GIVEN MATERIAL:
● ● ● ●
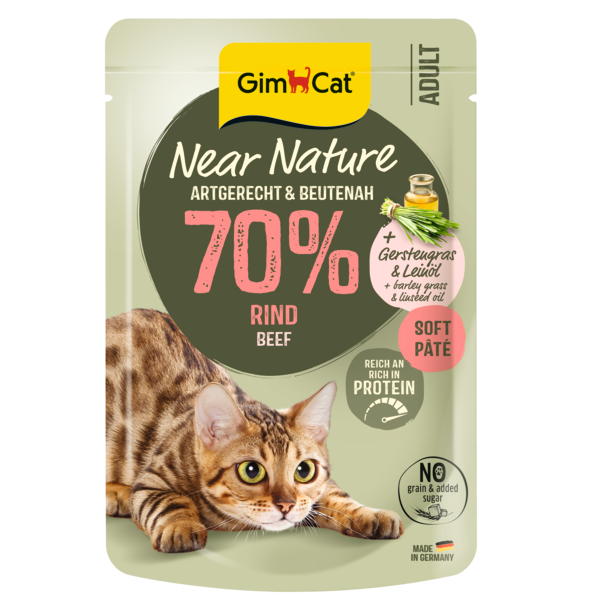 Rindfleisch, -leber, -herz, -lunge 70 %, Fleischbrühe 23,5 %, Eiklar, getrocknet 5 %, Leinöl 0,5 %, Mineralstoffe 0,5 %, Eierschalen, getrocknet 0,4 %, Gerstengras, getrocknet 0,1 %.
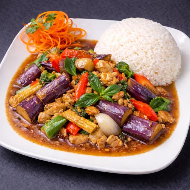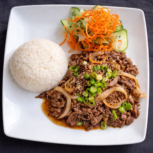 Stir fried choice of meat with broccoli in light brown sauce. Served with steamed rice.
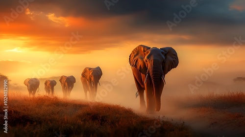A herd of majestic elephants slowly making their way across the vast dusty expanse of the African savannah The pachyderms move in unison
● ● ● ●
PROBLEM DETAILS: Everything from the line containing "Stir fried choice" to the final line of the listing above, both ends included, should be transcribed word for word, except for the pictures.

RESPONSE TO THIS TASK:
 Stir fried choice of meat with broccoli in light brown sauce. Served with steamed rice.
A herd of majestic elephants slowly making their way across the vast dusty expanse of the African savannah The pachyderms move in unison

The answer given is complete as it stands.